§ **Supplied data**
_ _ _ _ _
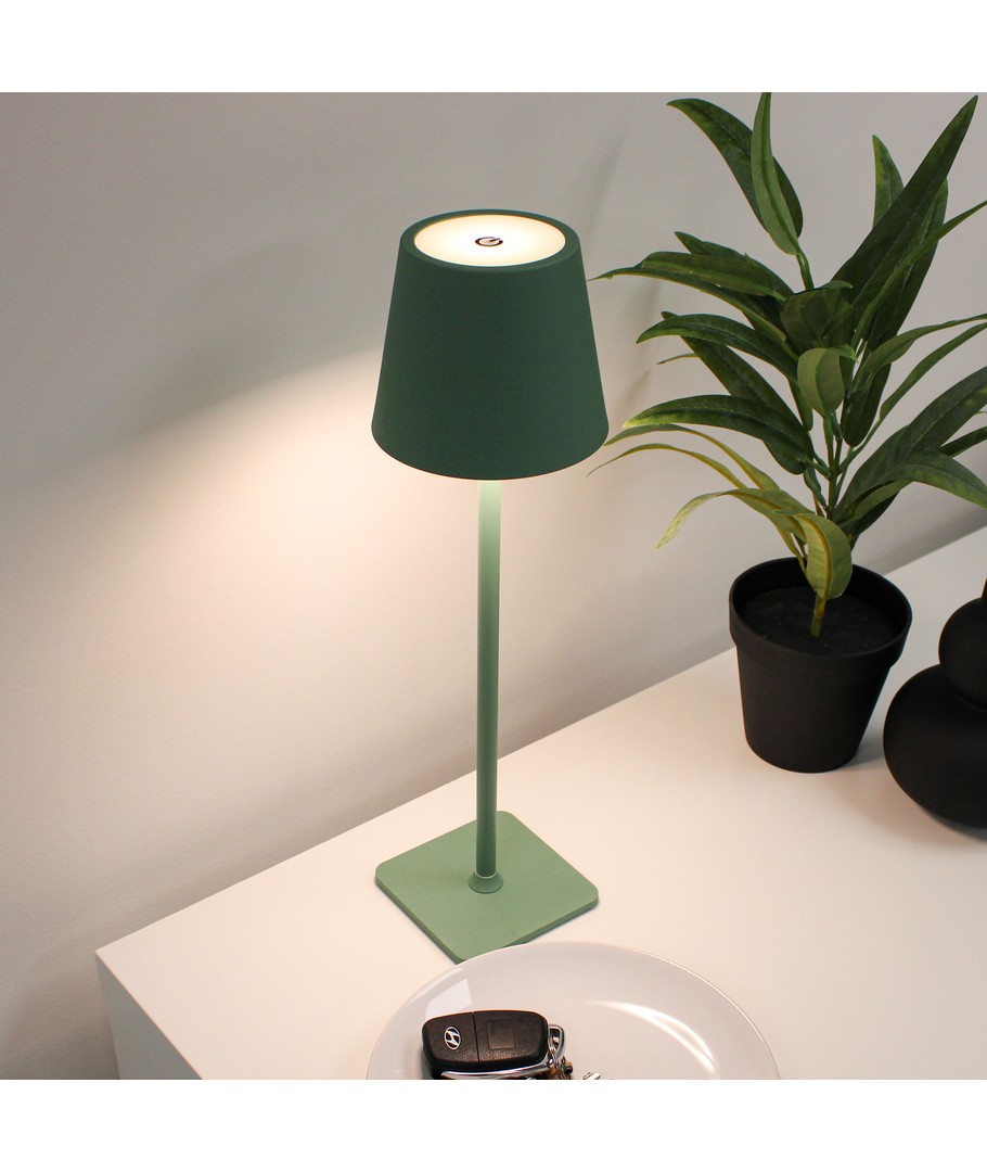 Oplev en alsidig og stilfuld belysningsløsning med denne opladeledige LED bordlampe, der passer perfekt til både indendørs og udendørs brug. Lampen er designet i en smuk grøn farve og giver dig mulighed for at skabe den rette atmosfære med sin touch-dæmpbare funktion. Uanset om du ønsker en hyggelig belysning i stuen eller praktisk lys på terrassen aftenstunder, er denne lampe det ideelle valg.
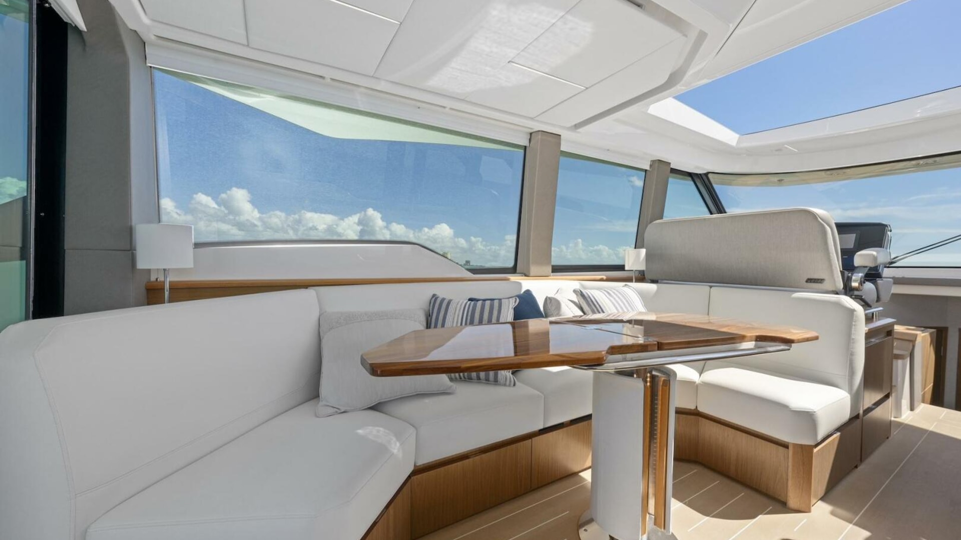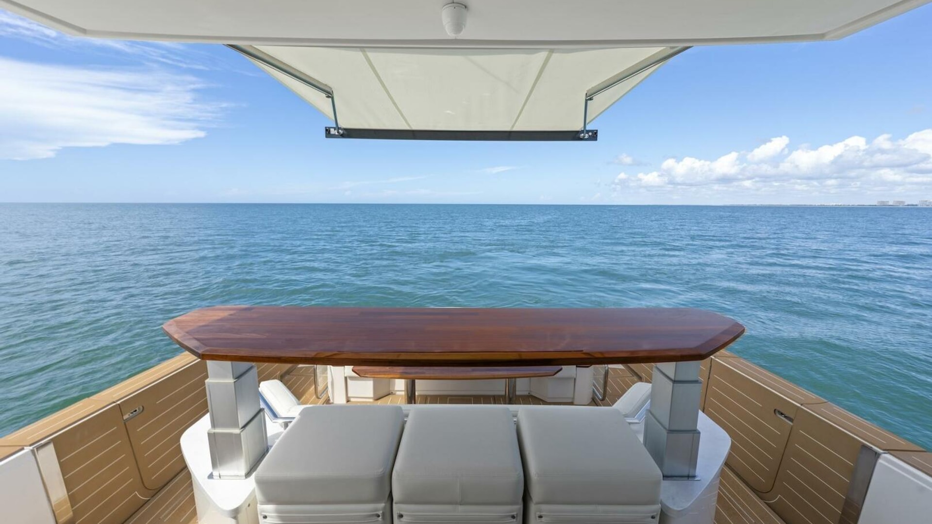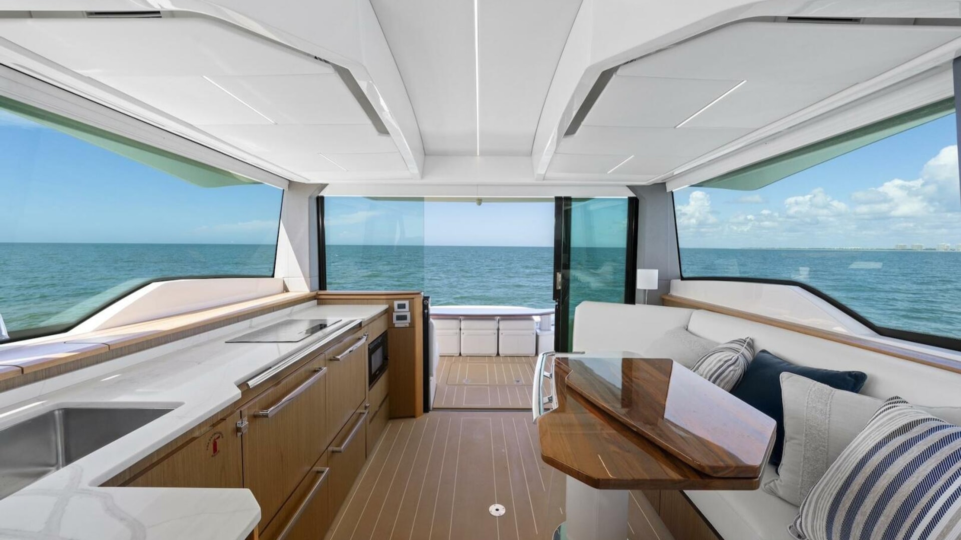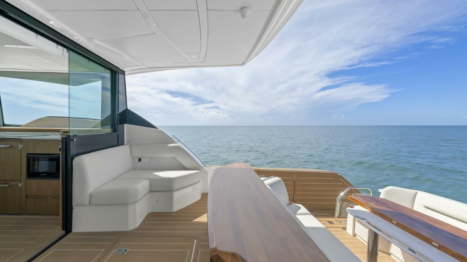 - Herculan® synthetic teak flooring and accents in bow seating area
_ _ _ _ _
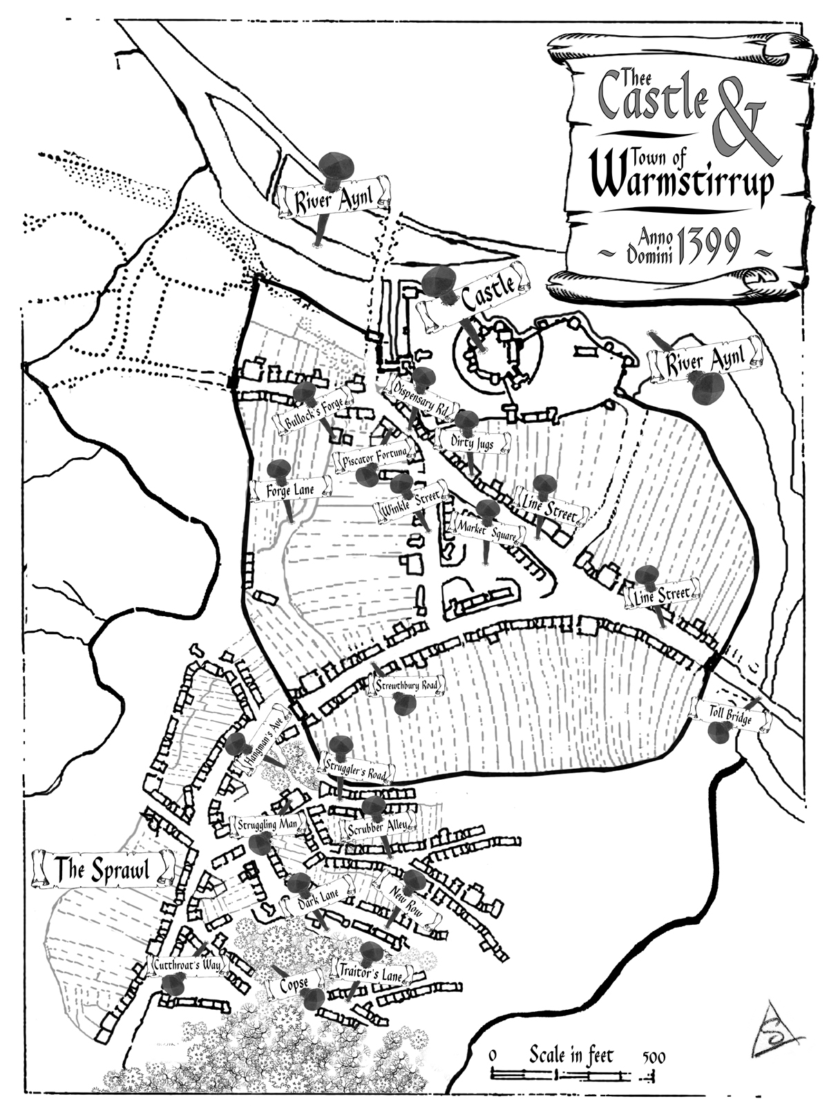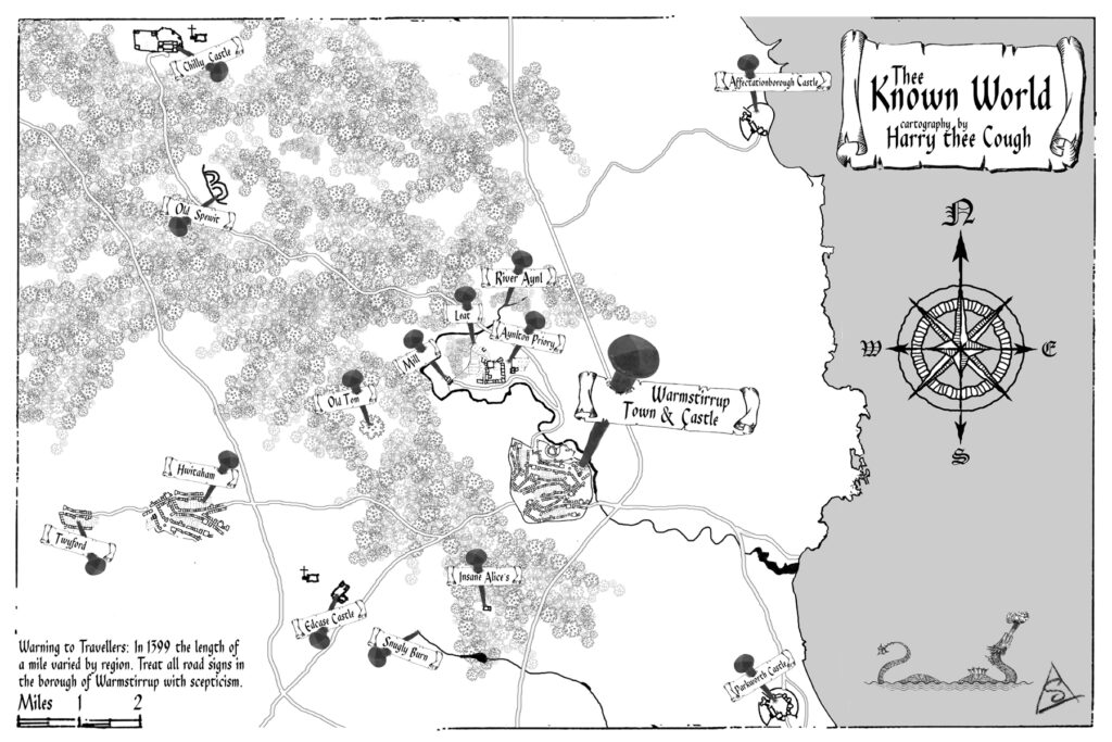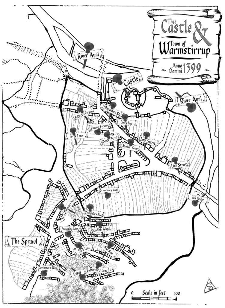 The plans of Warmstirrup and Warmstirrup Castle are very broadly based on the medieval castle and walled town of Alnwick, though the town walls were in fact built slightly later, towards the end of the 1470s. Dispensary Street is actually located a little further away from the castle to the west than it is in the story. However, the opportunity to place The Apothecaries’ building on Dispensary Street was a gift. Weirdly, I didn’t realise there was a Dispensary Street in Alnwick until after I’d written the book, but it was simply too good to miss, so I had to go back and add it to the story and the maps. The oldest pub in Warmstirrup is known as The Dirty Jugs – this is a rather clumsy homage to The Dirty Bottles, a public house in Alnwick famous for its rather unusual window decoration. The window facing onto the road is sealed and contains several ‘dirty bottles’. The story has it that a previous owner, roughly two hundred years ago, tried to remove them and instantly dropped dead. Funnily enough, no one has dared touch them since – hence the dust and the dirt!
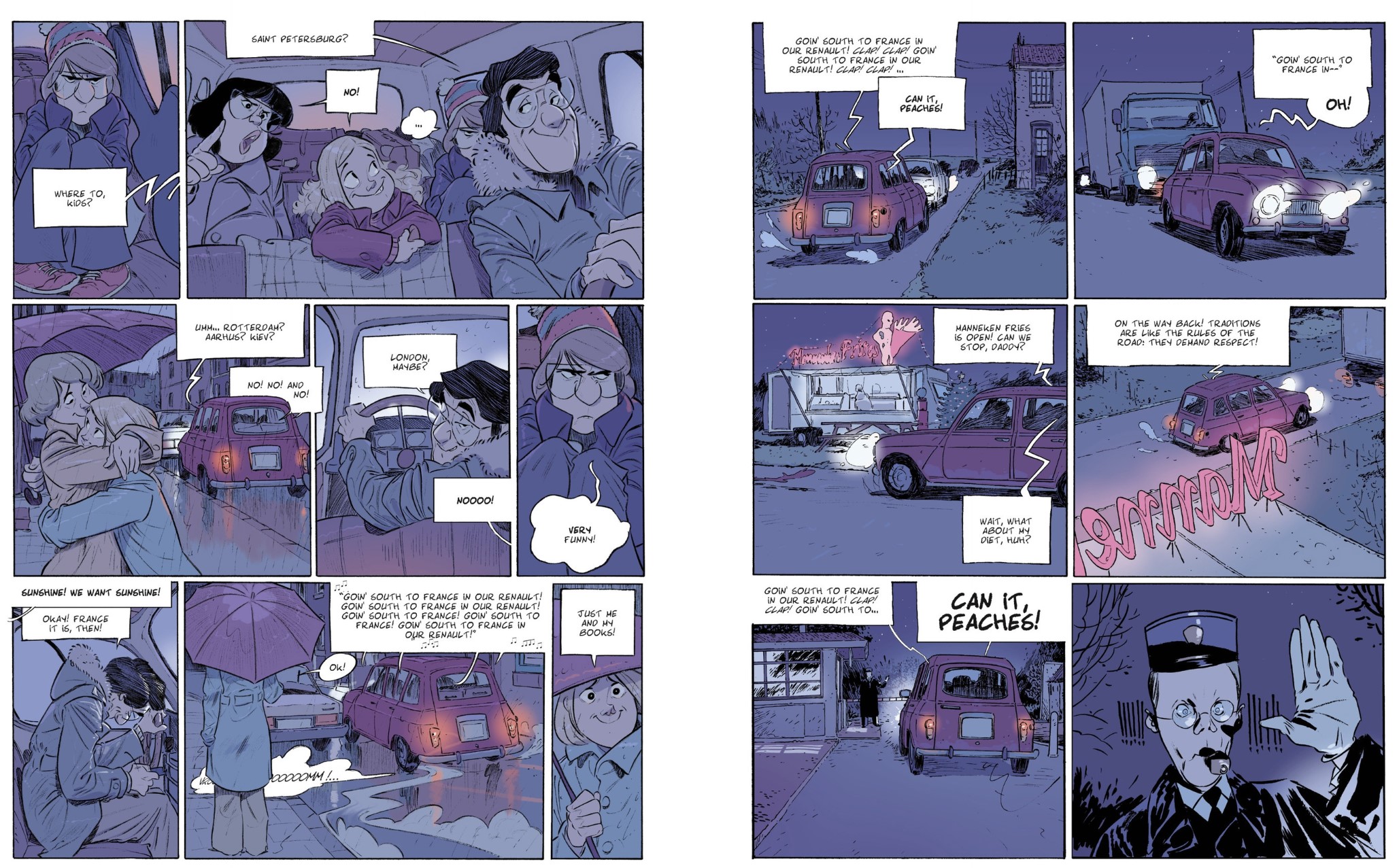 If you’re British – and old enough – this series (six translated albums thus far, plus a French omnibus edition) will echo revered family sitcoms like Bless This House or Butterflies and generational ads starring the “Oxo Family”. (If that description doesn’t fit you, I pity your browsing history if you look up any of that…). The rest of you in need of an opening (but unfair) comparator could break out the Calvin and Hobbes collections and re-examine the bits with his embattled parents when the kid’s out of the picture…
_ _ _ _ _
Using the data above, retype exactly and only the lines from the one containing "Oplev en alsidig" up to and including the one containing "- Herculan® synthetic", with no pictures carried over.

 Oplev en alsidig og stilfuld belysningsløsning med denne opladeledige LED bordlampe, der passer perfekt til både indendørs og udendørs brug. Lampen er designet i en smuk grøn farve og giver dig mulighed for at skabe den rette atmosfære med sin touch-dæmpbare funktion. Uanset om du ønsker en hyggelig belysning i stuen eller praktisk lys på terrassen aftenstunder, er denne lampe det ideelle valg.
 - Herculan® synthetic teak flooring and accents in bow seating area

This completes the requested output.